JP6845749B2 - High frequency transmission window structure and high frequency input coupler - Google Patents

Description

An embodiment of the present invention relates to a high-frequency transmission window structure having a high-frequency transmission window that transmits high frequencies and a high-frequency input coupler.

Conventionally, in a charged particle (electron, ion, proton) accelerator, when a high frequency emitted from a high frequency amplifier such as a klystron is incident on the accelerating cavity, it is possible to have a good coupling with the accelerating cavity. A high-frequency input coupler (coupler) having a structure is used.

The high-frequency input coupler includes a high-frequency transmission window structure for incidenting high-frequency waves incident from the atmosphere side into an accelerated cavity maintained in a high vacuum.

The high-frequency transmission window structure includes a high-frequency transmission window that transmits high frequencies while maintaining airtightness, an outer conductor sleeve and an inner conductor sleeve that serve as high-frequency transmission paths. The joint surfaces provided on the outer and inner circumferences of the high-frequency transmission window are brazed to the inner circumference of the outer conductor sleeve and the outer circumference of the inner conductor sleeve.

Ceramics such as alumina are used for the high-frequency transmission windows, and metals such as copper are used for each sleeve.
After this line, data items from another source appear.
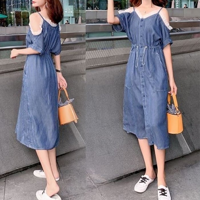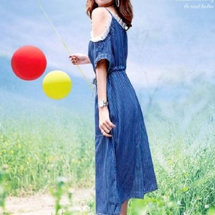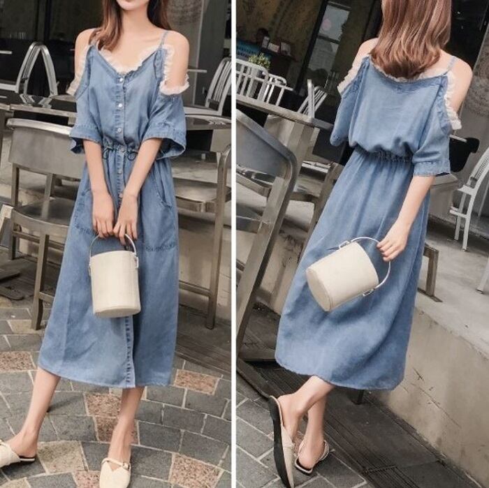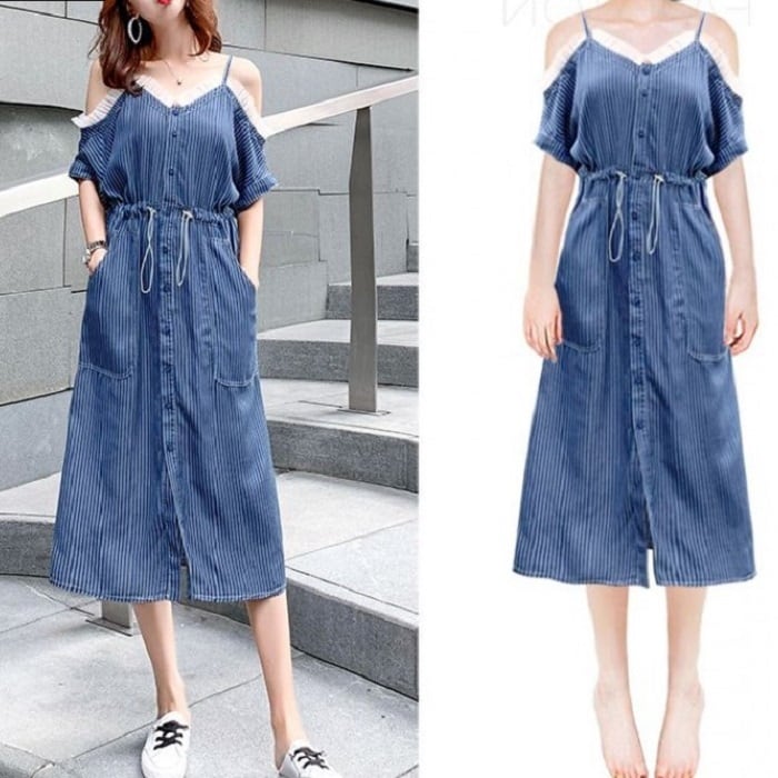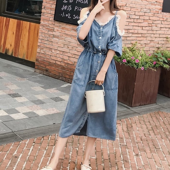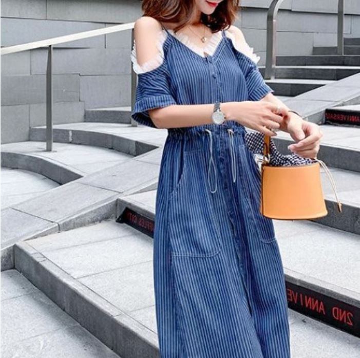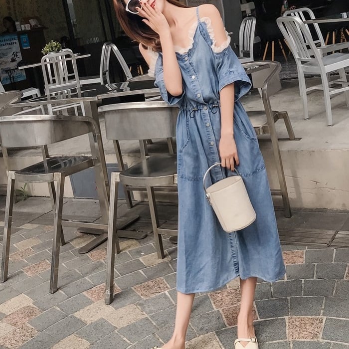 ショルダーストラップ付きのオフショルダーがお洒落なデニムワンピース。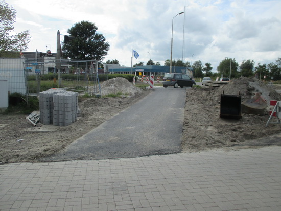 De nieuwe aansluiting van de Langestraat Zuid op de oude N355 en de Industrieweg. Nee, hier kan nog geen gebruik van worden gemaakt. Er is nog hoogteverschil, dus hier zullen de asfalteerders nog wel eens komen opdraven…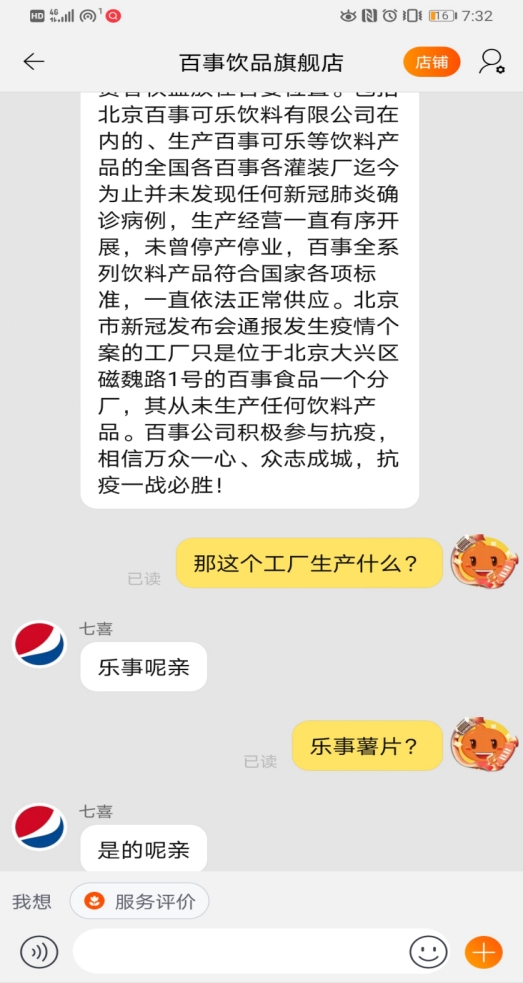 此外,记者就此事询问百事饮品旗舰店,淘宝客服也回应称该工厂生产“乐事”。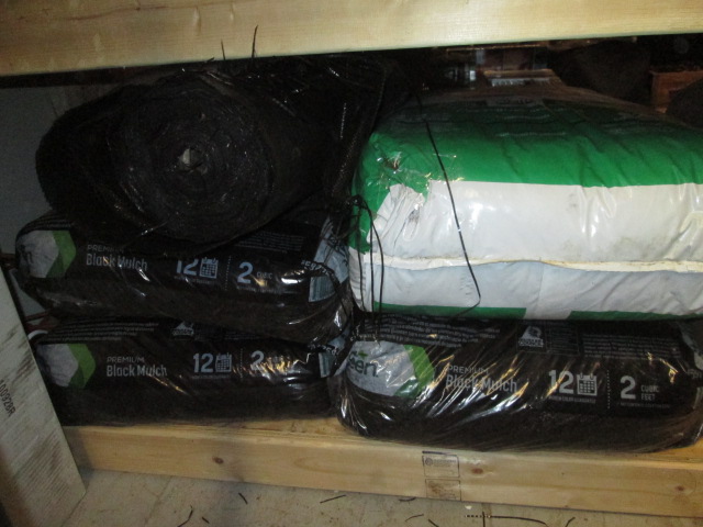 Lot of landscaping supplies including 3 bags of Sta-green premium black bark mulch, 1 bag of premium peat moss, and a 40" wide roll of porous weed barrier.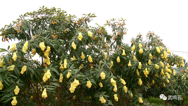 近日,记者在该合作社的枇杷种植园看到,大片的枇杷树硕果累累,随着清风吹拂,套着网袋的枇杷随风摇动。合作社负责人黄飞然告诉记者,他的合作社种有100亩枇杷,得益于前期管理技术到位,天气也不错,枇杷树第二年挂果就迎来了一个丰收年。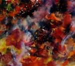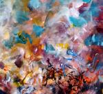 Перед зрителем — экспрессивная абстрактная композиция, наполненная динамикой и контрастами. Картина словно воплощает стихию природы, переплетающуюся с вихрем человеческих эмоций. Художник мастерски использует широкую палитру тёплых и холодных оттенков, создавая ощущение движения и пульсации жизни. Композиция картины символизирует движение, просачивание мысли/чувства изнутри наружу - проекция во вне.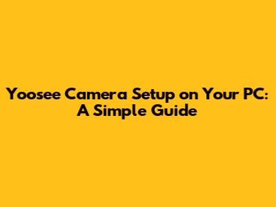 Yoosee Camera Setup On Your PC: A Simple Guide
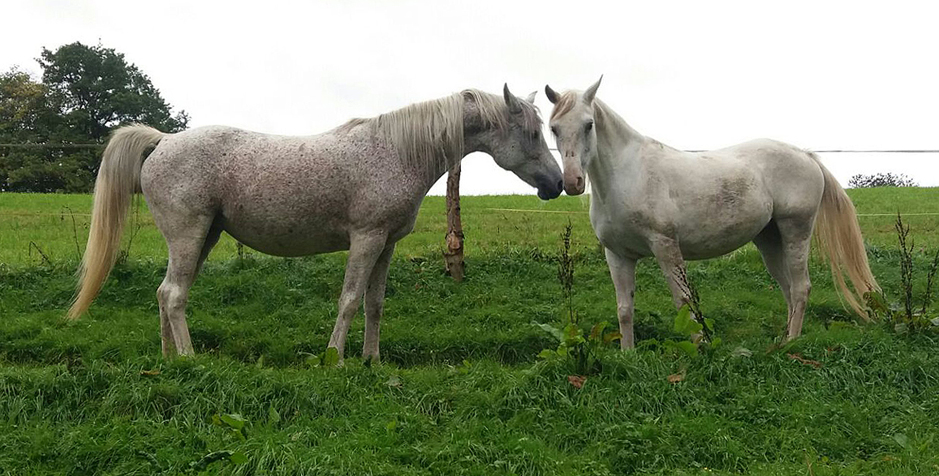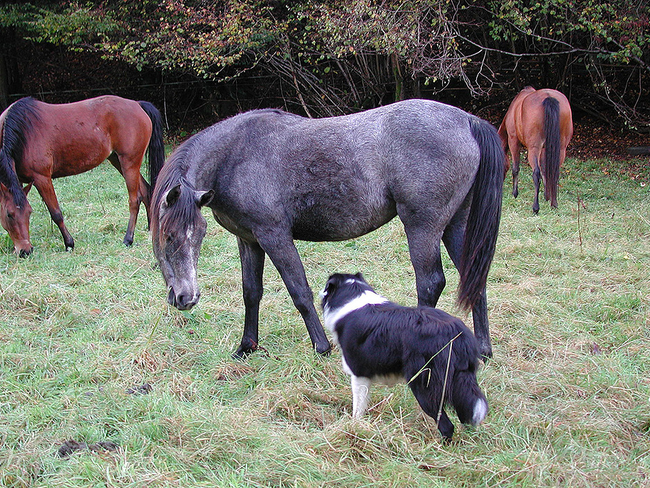 Jungstuten auf der Weide in Gummersbach. Mit Hundefreund Tristan.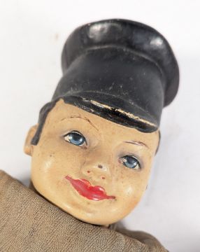 Dolls - a vintage c1940s/50s Dutch police-man doll with fabric body, composition head and wooded traditional clogs, believed to be a WWII Belgian liberation doll, together with a Norah Wellings fabric sailor doll. Largest measures 31cm.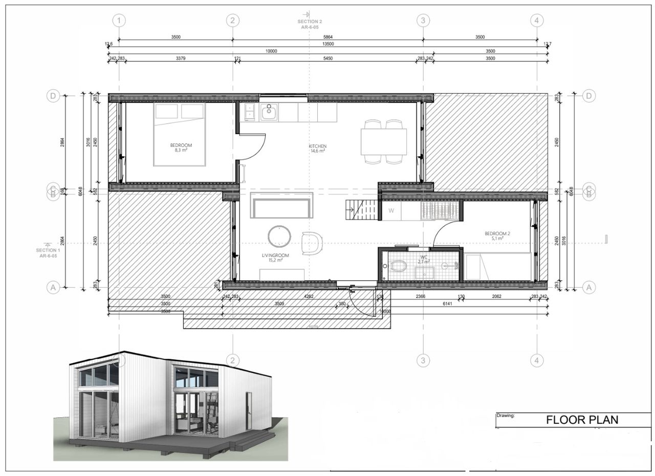 Fläche: 50 m² Wohnfläche (Modulbauweise) plus 20 qm Emporen.
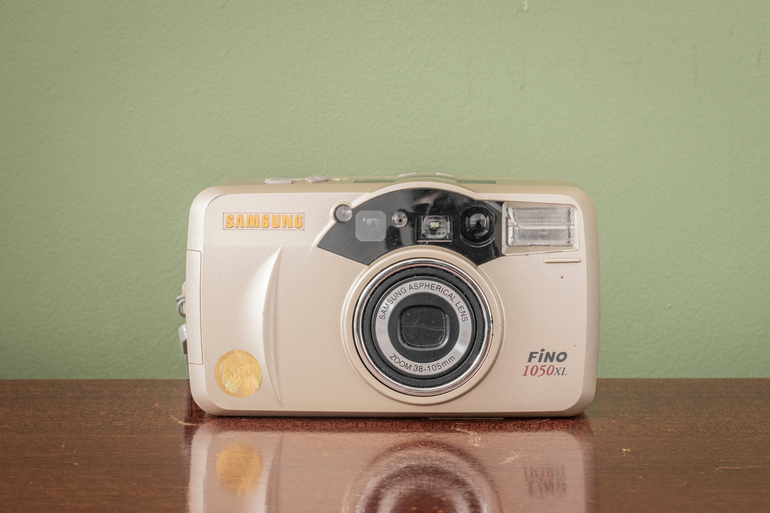 This Samsung Fino 1050XL 35mm Point and Shoot Film Camera is easy to use and maintain. This camera is a lightweight 35mm point-and-shoot film camera that uses all types of 35mm film. Featuring a bright flash, stylish gold trim and automatic winder, this camera is the one for you. This camera is perfect for travel, lifestyle, parties and more!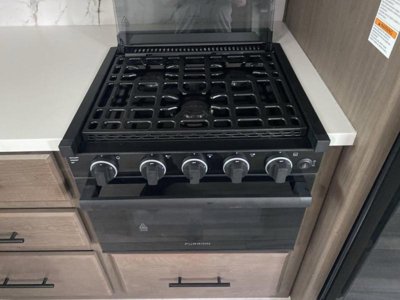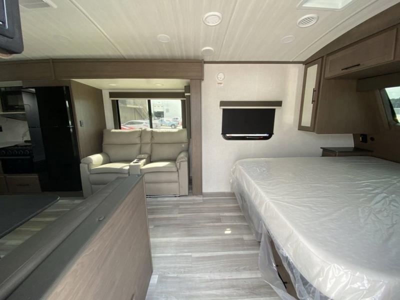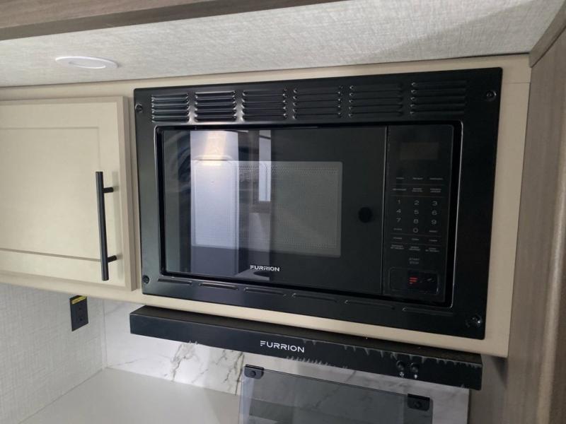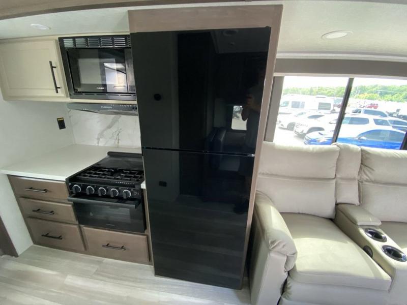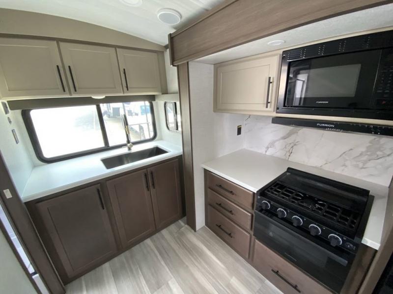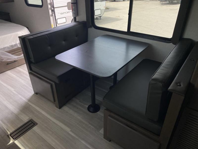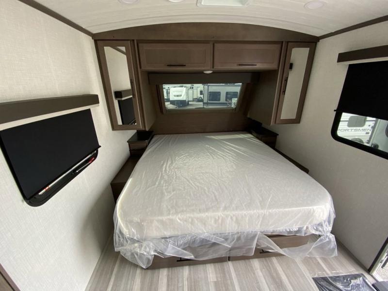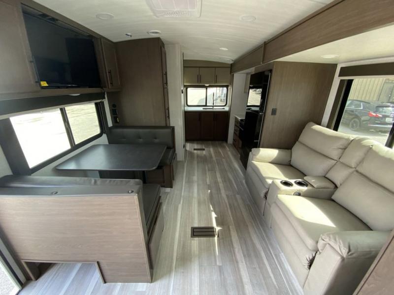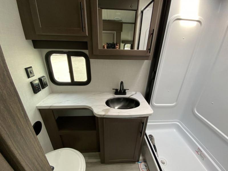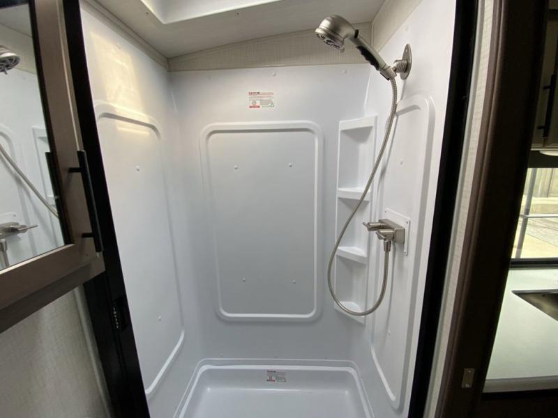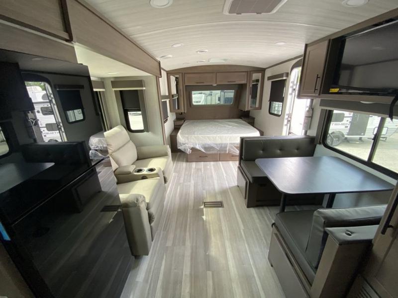 With a king-size bed, this Cougar Half-Ton travel trailer shows that you can still be comfortable even while you're away from home! The bed has drawers and nightstands on either side to keep your belongings tidy. There is a convenient shoe cubby right as you enter the unit to keep this space picked up as well. Right next to the booth dinette is the pantry, and next to the pantry is the full bathroom which is certainly one of the most valuable features to any trailer.
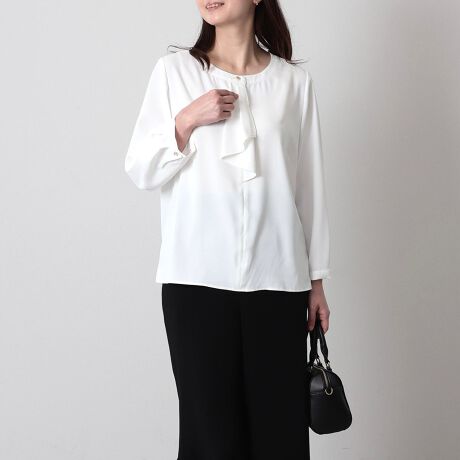 ネックラインはきちんと感とデコルテをキレイに見せるスッキリとした切替えラウンドネックです。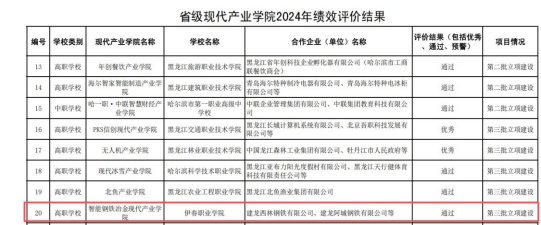 旅游商務(wù)學(xué)院聯(lián)合黑龍江伊春森工集團有限責(zé)任公司、伊春旅游發(fā)展集團股份有限公司、黑龍江九峰山養(yǎng)心谷游覽景區(qū)管理有限公司等單位共同申報的“森林生態(tài)康養(yǎng)與冰雪旅游現(xiàn)代產(chǎn)業(yè)學(xué)院”被評為2025年省級職業(yè)教育示范性現(xiàn)代產(chǎn)業(yè)學(xué)院培育建設(shè)項目。工程應(yīng)用技術(shù)學(xué)院與建龍西林鋼鐵有限公司、建龍阿城鋼鐵有限公司等單位共同申報的“智能鋼鐵冶金現(xiàn)代產(chǎn)業(yè)學(xué)院”2024年績效評價結(jié)果為通過。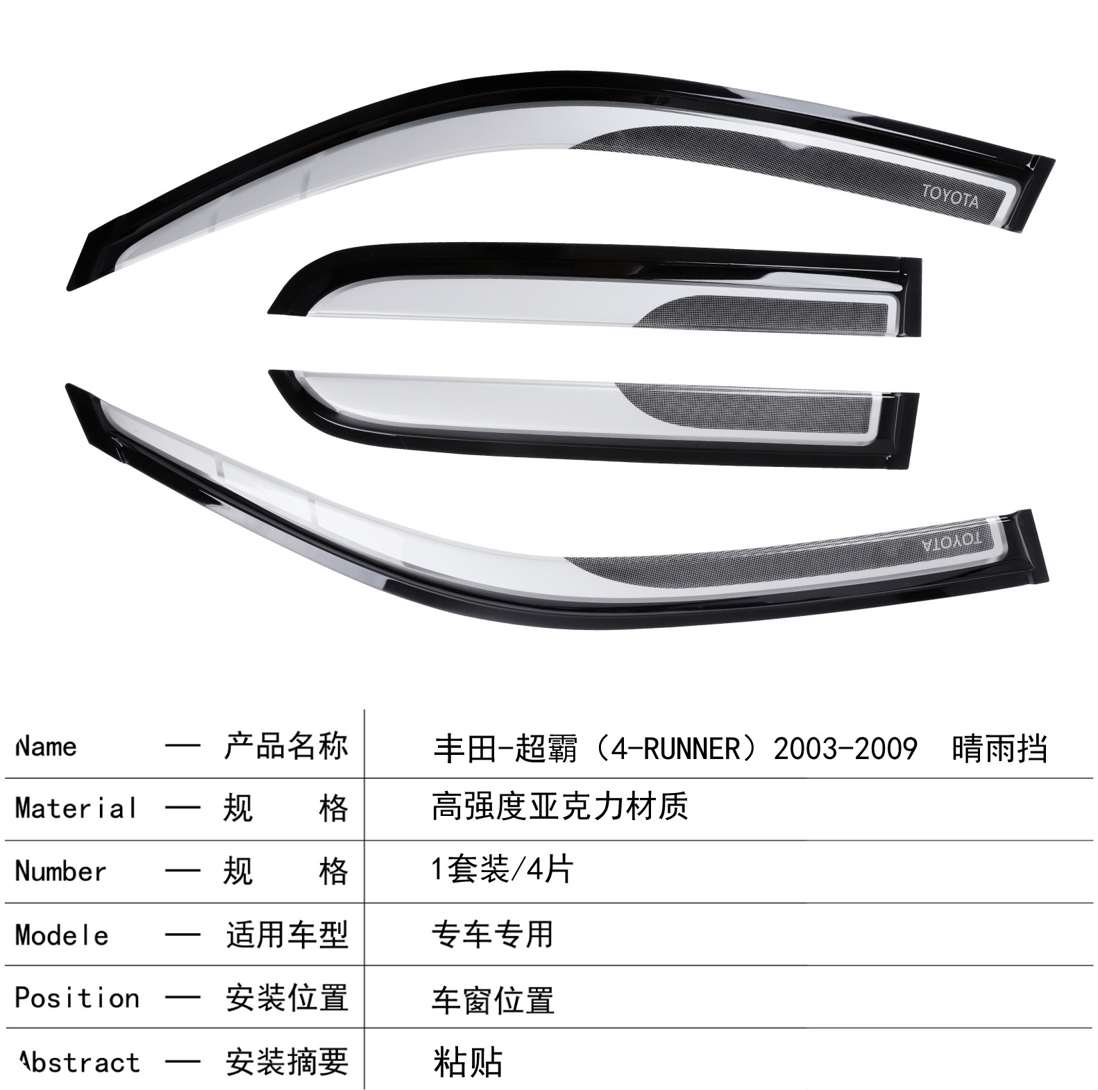 국경 간 응용 프로그램 2003-09 Toyota Speedmaster 4RUNNER 창 비 방패 2 색 실크 스크린 자동차 방패

By the way, the high-frequency transmission window structure is exposed to a high temperature of 1000 ° C. or higher when assembled by brazing, and further, the high-frequency transmission window structure and each component of the high-frequency input coupler are exposed to a high temperature of 700 ° C. or higher when assembled by brazing. Be exposed. At that time, since the coefficient of thermal expansion of the material differs between the high-frequency transmission window and each sleeve, tensile stress is generated in the high-frequency transmission window when the temperature rises or falls during brazing. As a result, cracks may occur from the end of the joint surface of the high-frequency transmission window toward the inside of the high-frequency transmission window. If this crack penetrates the high-frequency transmission window, there is a problem that the airtightness of the high-frequency input coupler cannot be maintained.

JP-A-2015-141848

An object to be solved by the present invention is to provide a high frequency transmission window structure and a high frequency input coupler capable of preventing cracks from occurring in the high frequency transmission window.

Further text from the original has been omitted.